AI Studio · 2023-06-20 11:27:02 发布

★★★ 本文源自AlStudio社区精品项目，【点击此处】查看更多精品内容 >>>
文心一格是一个AI艺术和创意辅助平台，简单来说可以用来根据提示词画画。文心一格的功能“灵感模式”感觉像是通过对用户Prompt进行扩写，然后再进行生成图片。这里，简单通过ChatGLM-6B扩写提示词，然后生成图片。

仅作为基于ChatGLM-6B的应用示例，效果可能较为欠缺，还请体谅~

准备环境

# 更新环境
!pip install --pre --upgrade paddlenlp -f https://www.paddlepaddle.org.cn/whl/paddlenlp.html # 安装nlp分支最新包
!python -m pip install paddlepaddle-gpu==0.0.0.post112 -f https://www.paddlepaddle.org.cn/whl/linux/gpu/develop.html
!pip install -U ppdiffusers safetensors --user
# 安装完记得重启内核~

ChatGLM-6B模型

在本项目中，ChatGLM-6B用于将给定语句扩张为丰富的提示词

创建模型

import paddle
from paddlenlp.transformers import (
    ChatGLMConfig,
    ChatGLMForConditionalGeneration,
    ChatGLMTokenizer,
)

#读取原始的chatglm-6b模型
model_name_or_path = 'THUDM/chatglm-6b' # 使用该路径会自动下载和加载模型
# model_name_or_path = 'data/data217141' # 本地路径，无需下载，运行更快
tokenizer = ChatGLMTokenizer.from_pretrained(model_name_or_path)

config = ChatGLMConfig.from_pretrained(model_name_or_path)
paddle.set_default_dtype(config.paddle_dtype)

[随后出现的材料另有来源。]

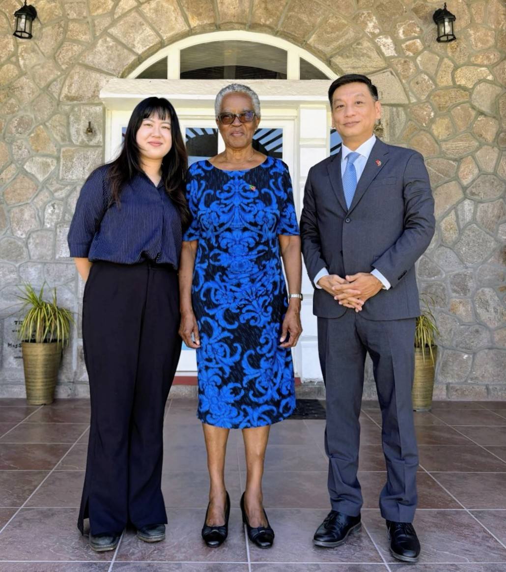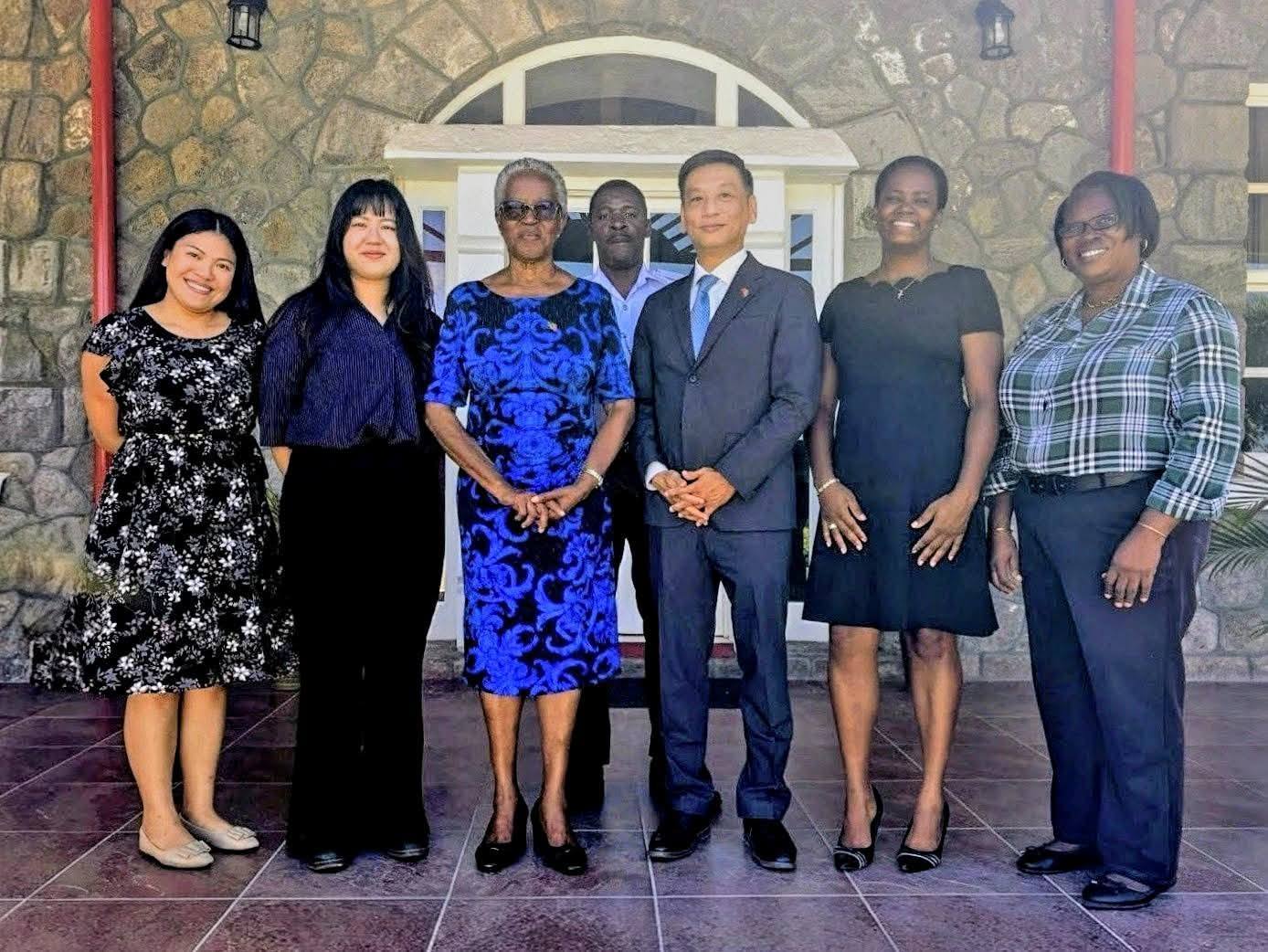 1 月 16 日,本館陶令文大使在徐采婷秘書陪同下,前往尼維斯島拜會副總督萊柏夫人(Her Honour Mrs. Hyleta Liburd),並正式引介新到任之國合會(TaiwanICDF)華語教師游謹嘉女士。

model = ChatGLMForConditionalGeneration.from_pretrained(
    model_name_or_path,
    tensor_parallel_degree=paddle.distributed.get_world_size(),
    tensor_parallel_rank=0,
    load_state_as_np=True,
    dtype=config.paddle_dtype,
)

model.eval()

对话推理

本部分从ChatGLM-6B应用测试，包括全部安装步骤，封装好了调用代码及图形界面摘抄了函数，更多封装后的函数，如多轮对话请参考原项目。

# 辅助函数创建
# 函数定义，用于一问一答
# 输入参数：初始prompt, 最长输入长度，最长输出长度
def glm_single_QA(model,tokenizer,next_inputs,input_length,output_length):
    # 输入格式转换
    inputs = tokenizer(
        next_inputs,
        return_tensors="np",
        padding=True,
        max_length=input_length,
        truncation=True,
        truncation_side="left",
    )
    input_map = {}
    for key in inputs:
        input_map[key] = paddle.to_tensor(inputs[key])

    # 获取结果
    infer_result = model.generate(
        **input_map,
        decode_strategy="sampling",
        top_k=1,
        # top_p =5,
        max_length=output_length,
        use_cache=True,
        use_fast=True,
        use_fp16_decoding=True,
        repetition_penalty=1,
        temperature = 0.95,
        length_penalty=1,
    )[0]

    # 结果转换
    output = ''
    result = []
    for x in infer_result.tolist():
        res = tokenizer.decode(x, skip_special_tokens=True)
        res = res.strip("\n")
        result.append(res)
        output = output + res
    return output

# 要求
Q = "cat"
# 问题模板
Q_motif = f"对{Q}使用英语进行扩句，不需要回复中文"
print("Q:"+Q_motif)
# 获取结果，result的部分会作为之后的画画模型的Prompt
result=glm_single_QA(model,tokenizer,Q_motif,2048,2048)
print("A:"+result)

Q:对cat使用英语进行扩句，不需要回复中文
A:Sure, I'd be happy to expand on the phrase "cat" in English. Here are some possible sentences:

- The cat is sleeping on the bed.
- I saw a cat outside the window.
- My cat always loves to play with the dog.
- The cat is black and white.
- The cat is on the table, looking at us with its bright eyes.
- The cat is in the corner, looking sad.
- The cat is on the mat, meowing loudly.

I hope these sentences give you some ideas about how to use "cat" in English.

StableDiffusion

通过ppdiffusers加载画画模型

加载模型

这里加载预训练模型"Linaqruf/anything-v3.0"，更多模型加载选项参考PPDiffuser，加载自己训练的模型可以参考我之前的项目~

特别说明，Linaqruf/anything-v3.0等模型仅支持英文，如果前面的GLM生成中文，则需要使用中文模型。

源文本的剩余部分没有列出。